'''

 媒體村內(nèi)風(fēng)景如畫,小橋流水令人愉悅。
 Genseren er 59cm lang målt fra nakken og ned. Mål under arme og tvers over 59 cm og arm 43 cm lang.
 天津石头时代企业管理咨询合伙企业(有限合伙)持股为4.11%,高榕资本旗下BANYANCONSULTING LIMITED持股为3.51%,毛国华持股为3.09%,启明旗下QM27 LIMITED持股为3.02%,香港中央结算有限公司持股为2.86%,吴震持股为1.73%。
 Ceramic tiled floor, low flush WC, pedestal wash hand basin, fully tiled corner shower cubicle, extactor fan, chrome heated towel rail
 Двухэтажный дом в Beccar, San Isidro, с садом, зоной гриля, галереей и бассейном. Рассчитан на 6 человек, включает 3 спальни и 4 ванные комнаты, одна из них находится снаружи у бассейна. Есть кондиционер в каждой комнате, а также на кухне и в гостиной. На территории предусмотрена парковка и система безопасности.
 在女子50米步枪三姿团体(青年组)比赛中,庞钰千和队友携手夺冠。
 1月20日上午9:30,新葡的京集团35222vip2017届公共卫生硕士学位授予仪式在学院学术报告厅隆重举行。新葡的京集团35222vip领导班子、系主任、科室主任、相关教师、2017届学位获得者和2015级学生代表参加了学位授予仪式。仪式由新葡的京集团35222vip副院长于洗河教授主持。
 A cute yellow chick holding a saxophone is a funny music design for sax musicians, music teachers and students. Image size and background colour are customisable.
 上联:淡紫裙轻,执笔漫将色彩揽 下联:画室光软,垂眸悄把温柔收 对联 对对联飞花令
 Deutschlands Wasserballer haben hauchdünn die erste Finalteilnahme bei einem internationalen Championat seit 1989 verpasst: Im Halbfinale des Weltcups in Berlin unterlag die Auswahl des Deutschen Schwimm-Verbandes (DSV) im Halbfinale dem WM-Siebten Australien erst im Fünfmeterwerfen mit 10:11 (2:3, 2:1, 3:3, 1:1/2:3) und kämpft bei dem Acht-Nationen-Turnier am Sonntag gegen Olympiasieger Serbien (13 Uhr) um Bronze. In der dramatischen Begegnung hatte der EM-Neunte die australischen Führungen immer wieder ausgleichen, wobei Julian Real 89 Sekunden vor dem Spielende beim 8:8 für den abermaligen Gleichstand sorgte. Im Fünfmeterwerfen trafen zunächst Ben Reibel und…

'''
'''

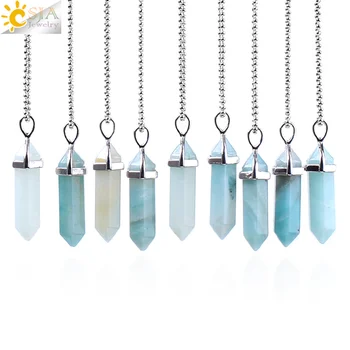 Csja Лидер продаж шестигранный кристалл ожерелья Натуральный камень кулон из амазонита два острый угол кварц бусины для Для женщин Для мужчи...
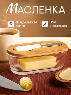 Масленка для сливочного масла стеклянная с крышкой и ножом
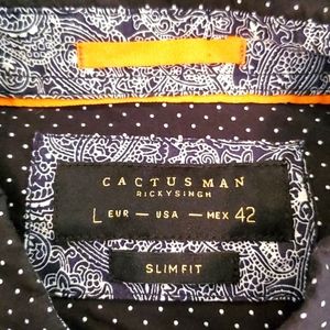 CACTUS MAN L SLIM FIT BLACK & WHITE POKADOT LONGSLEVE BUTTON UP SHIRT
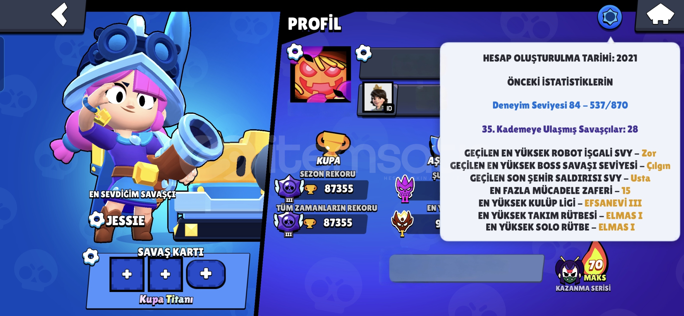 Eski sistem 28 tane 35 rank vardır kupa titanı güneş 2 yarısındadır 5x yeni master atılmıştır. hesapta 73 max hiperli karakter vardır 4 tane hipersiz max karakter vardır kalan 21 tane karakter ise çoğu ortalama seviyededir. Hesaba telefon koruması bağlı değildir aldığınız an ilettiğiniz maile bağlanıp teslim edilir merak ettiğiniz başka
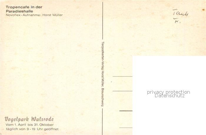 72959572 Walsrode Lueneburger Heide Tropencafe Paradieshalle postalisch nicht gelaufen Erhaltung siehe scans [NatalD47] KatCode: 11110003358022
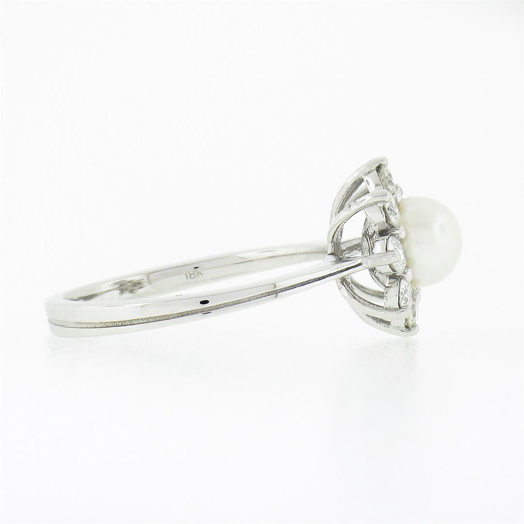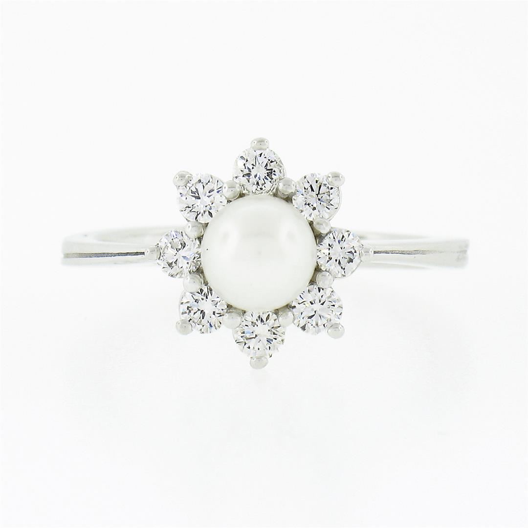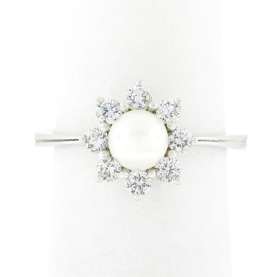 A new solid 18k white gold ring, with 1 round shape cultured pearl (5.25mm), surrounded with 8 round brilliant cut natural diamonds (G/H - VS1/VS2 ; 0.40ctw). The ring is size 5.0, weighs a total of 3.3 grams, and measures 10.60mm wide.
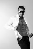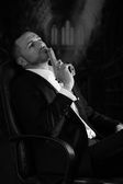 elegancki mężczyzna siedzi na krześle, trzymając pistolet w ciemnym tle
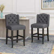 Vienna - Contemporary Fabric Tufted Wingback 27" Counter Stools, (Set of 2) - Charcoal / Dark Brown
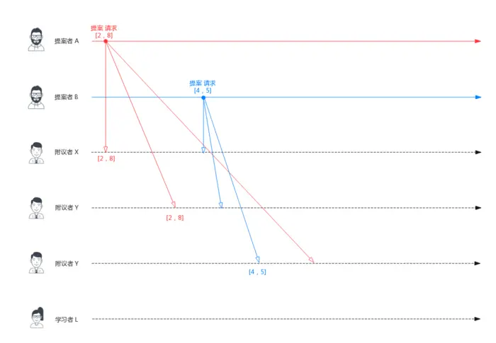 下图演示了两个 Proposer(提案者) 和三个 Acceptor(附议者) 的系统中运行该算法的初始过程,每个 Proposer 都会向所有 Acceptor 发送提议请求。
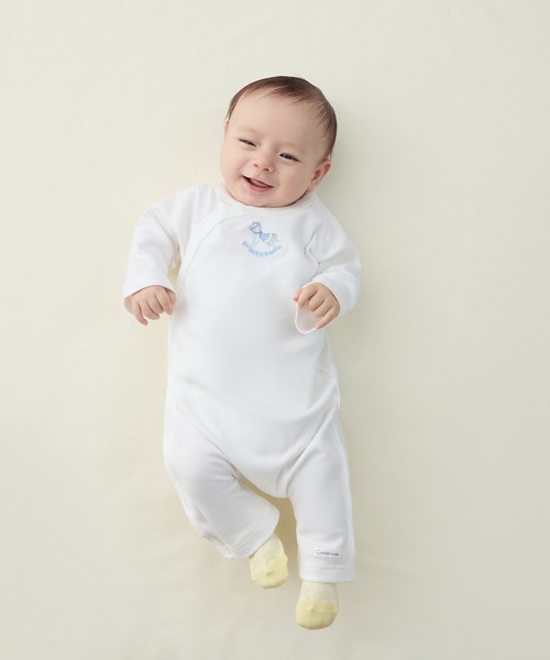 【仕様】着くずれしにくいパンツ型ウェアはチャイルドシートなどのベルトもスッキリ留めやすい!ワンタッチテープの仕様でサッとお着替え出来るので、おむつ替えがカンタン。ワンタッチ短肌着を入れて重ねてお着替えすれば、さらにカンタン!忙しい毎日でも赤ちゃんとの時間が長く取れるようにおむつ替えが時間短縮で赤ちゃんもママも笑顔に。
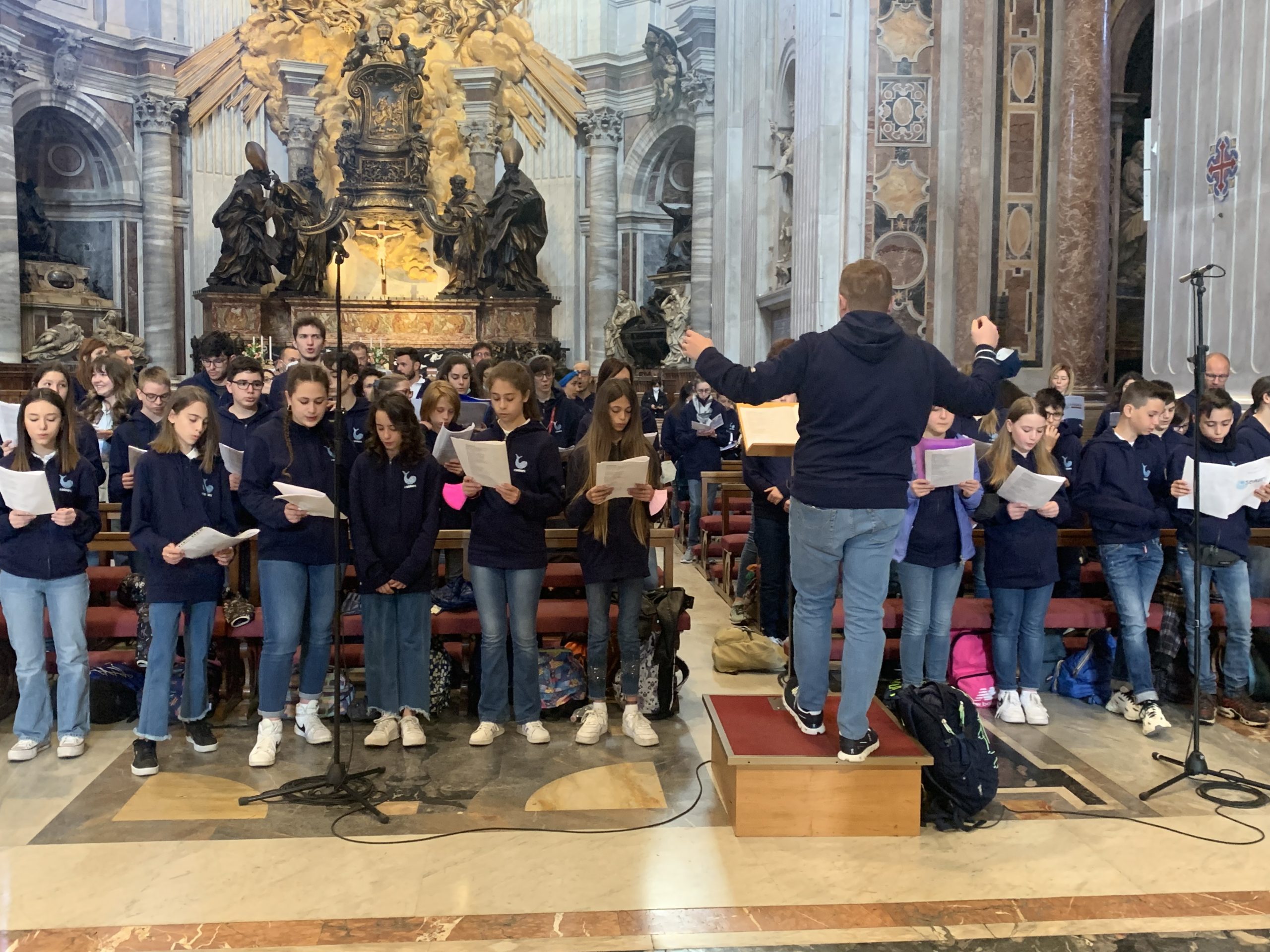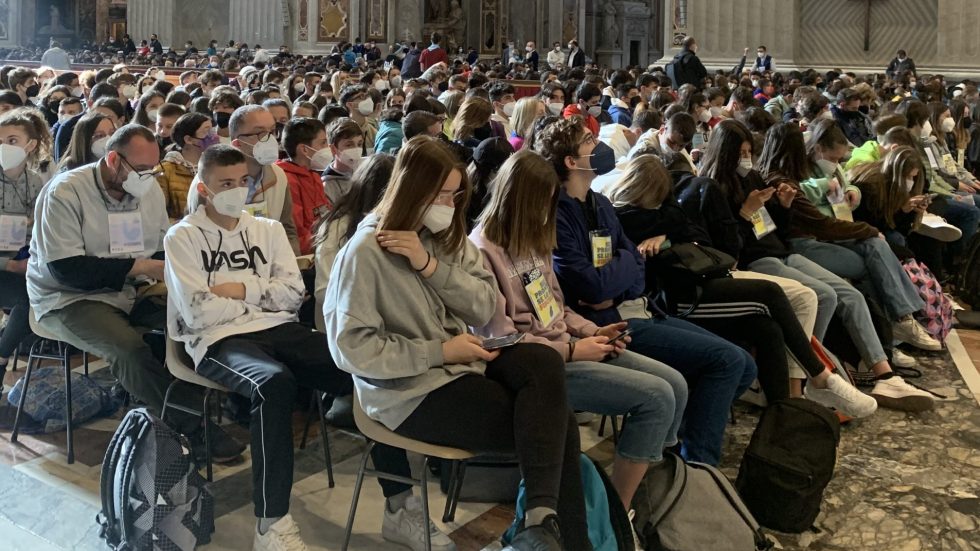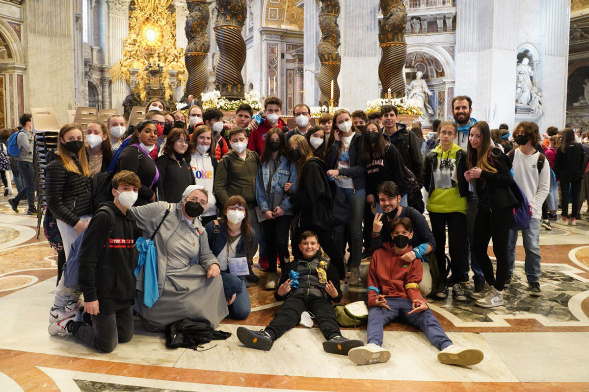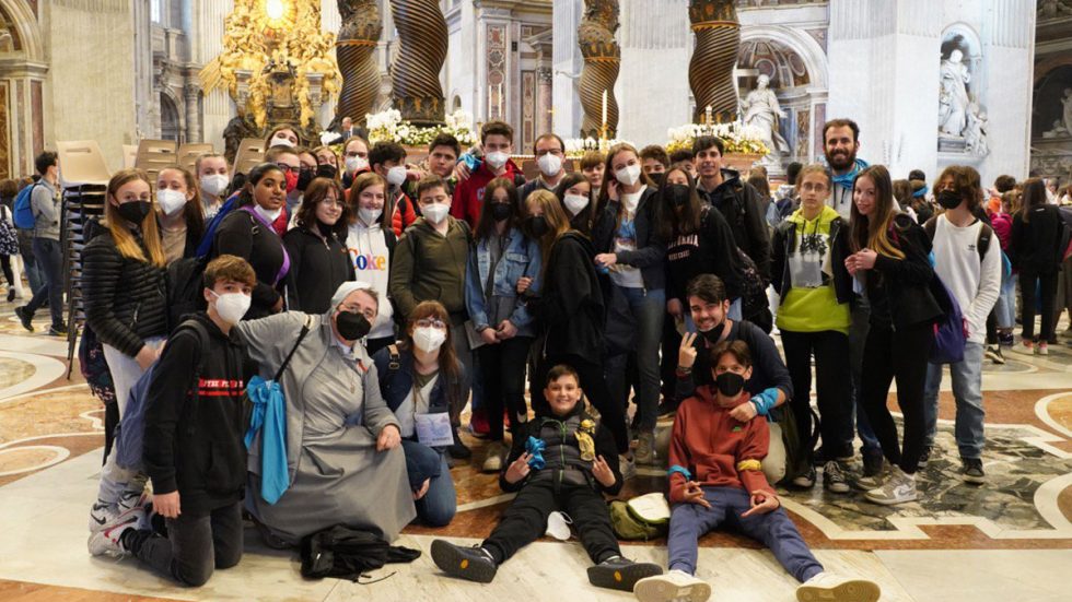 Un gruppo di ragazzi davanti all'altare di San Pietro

'''

### EXERCISE DIRECTIONS
Everything above from the line with "媒體村內(nèi)風(fēng)景如畫,小橋流水令人愉悅。" to the line with "Deutschlands Wasserballer haben", both included, must be repeated exactly, and nothing outside that range.

### WRITTEN SOLUTION
 媒體村內(nèi)風(fēng)景如畫,小橋流水令人愉悅。
 Genseren er 59cm lang målt fra nakken og ned. Mål under arme og tvers over 59 cm og arm 43 cm lang.
 天津石头时代企业管理咨询合伙企业(有限合伙)持股为4.11%,高榕资本旗下BANYANCONSULTING LIMITED持股为3.51%,毛国华持股为3.09%,启明旗下QM27 LIMITED持股为3.02%,香港中央结算有限公司持股为2.86%,吴震持股为1.73%。
 Ceramic tiled floor, low flush WC, pedestal wash hand basin, fully tiled corner shower cubicle, extactor fan, chrome heated towel rail
 Двухэтажный дом в Beccar, San Isidro, с садом, зоной гриля, галереей и бассейном. Рассчитан на 6 человек, включает 3 спальни и 4 ванные комнаты, одна из них находится снаружи у бассейна. Есть кондиционер в каждой комнате, а также на кухне и в гостиной. На территории предусмотрена парковка и система безопасности.
 在女子50米步枪三姿团体(青年组)比赛中,庞钰千和队友携手夺冠。
 1月20日上午9:30,新葡的京集团35222vip2017届公共卫生硕士学位授予仪式在学院学术报告厅隆重举行。新葡的京集团35222vip领导班子、系主任、科室主任、相关教师、2017届学位获得者和2015级学生代表参加了学位授予仪式。仪式由新葡的京集团35222vip副院长于洗河教授主持。
 A cute yellow chick holding a saxophone is a funny music design for sax musicians, music teachers and students. Image size and background colour are customisable.
 上联:淡紫裙轻,执笔漫将色彩揽 下联:画室光软,垂眸悄把温柔收 对联 对对联飞花令
 Deutschlands Wasserballer haben hauchdünn die erste Finalteilnahme bei einem internationalen Championat seit 1989 verpasst: Im Halbfinale des Weltcups in Berlin unterlag die Auswahl des Deutschen Schwimm-Verbandes (DSV) im Halbfinale dem WM-Siebten Australien erst im Fünfmeterwerfen mit 10:11 (2:3, 2:1, 3:3, 1:1/2:3) und kämpft bei dem Acht-Nationen-Turnier am Sonntag gegen Olympiasieger Serbien (13 Uhr) um Bronze. In der dramatischen Begegnung hatte der EM-Neunte die australischen Führungen immer wieder ausgleichen, wobei Julian Real 89 Sekunden vor dem Spielende beim 8:8 für den abermaligen Gleichstand sorgte. Im Fünfmeterwerfen trafen zunächst Ben Reibel und…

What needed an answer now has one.